Camera and GPS can be overcome to a degree probing these while the device is in Offline+ would be worthless. For camera, pocket is enough; for GPS, some sort of ekhem tinfoil wrapped around (or some pricey professional RF insulation pouch), is that correct?
However, I wouldn’t spiral down that road unless we find something out which is unlikely IMO.
I’ll try to perform some tests once I get my beloved wireless access point back, I’ll be able to run tcpdump directly on it.

Yeah if we end up having to put the phone in a faraday pouch, that seems like it would defeat the purpose of having an offline+ mode.

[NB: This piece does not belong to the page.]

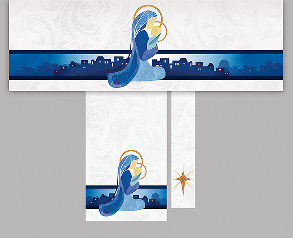 Celebrate the wonder and awe of Advent in your church with the Mother and Child 3-Piece Christmas Parament Set! Highlighting a stunning image of Mary holding baby Jesus in rich blue shades, all set on a beautiful, white-patterned background, this set is also easy on your budget! Crafted from 100% polyester poplin with a matte finish, this unlined parament set offers a beautiful and affordable option for your altar this Christmas. This high-quality set comes with three pieces that enhance the celebration of Jesus' birth, an Altar Frontal, a Pulpit Scarf and a Bible Marker. Give your congregation a powerful visual reminder of the season with the Mother and Child 3-Piece Christmas Parament Set! Order early to ensure timely delivery! Made in USA.

GPS I have mixed feelings about. With the stock apps, it shouldn’t be sending your coordinates anywhere (phone GPS is receive only, your GPS usually gets sent out via WLAN or cell data by apps). But the stock apps are so unhelpful that it’s pretty much a requirement at this point to sideload additional apps.

Only Weather and Maps are allowed access to GPS. Unless there was a backdoor or a sideloaded app, nothing should be there.
I get your point on the sideloaded apps, then it would be a matter of whether a certain app is polling GPS and sends the whole data as soon as it gets its connection back, and what the destination is (Google, proprietary service, anything else).
I’d have to think what apps that are worth sideloading (besides HERE WeGo or alike) may need access to location and might potentially send this out somewhere.

So, I talked to our team about this and this looks like it’s an unfortunate side-effect of sideloading. It’s difficult for our team to predict exactly how the phone will behave with third-party apps. However, they are aware of this. Thanks for pointing it out.

I totally understand that they can’t predict how every sideloaded app would work, but to me it seems like that’s all the more reason this should have been done at the hardware level. It’s very easy to predict what will happen if the camera or other hardware function no longer receives power.

It is what it is now, but probably something they should keep in mind for the next phone down the line.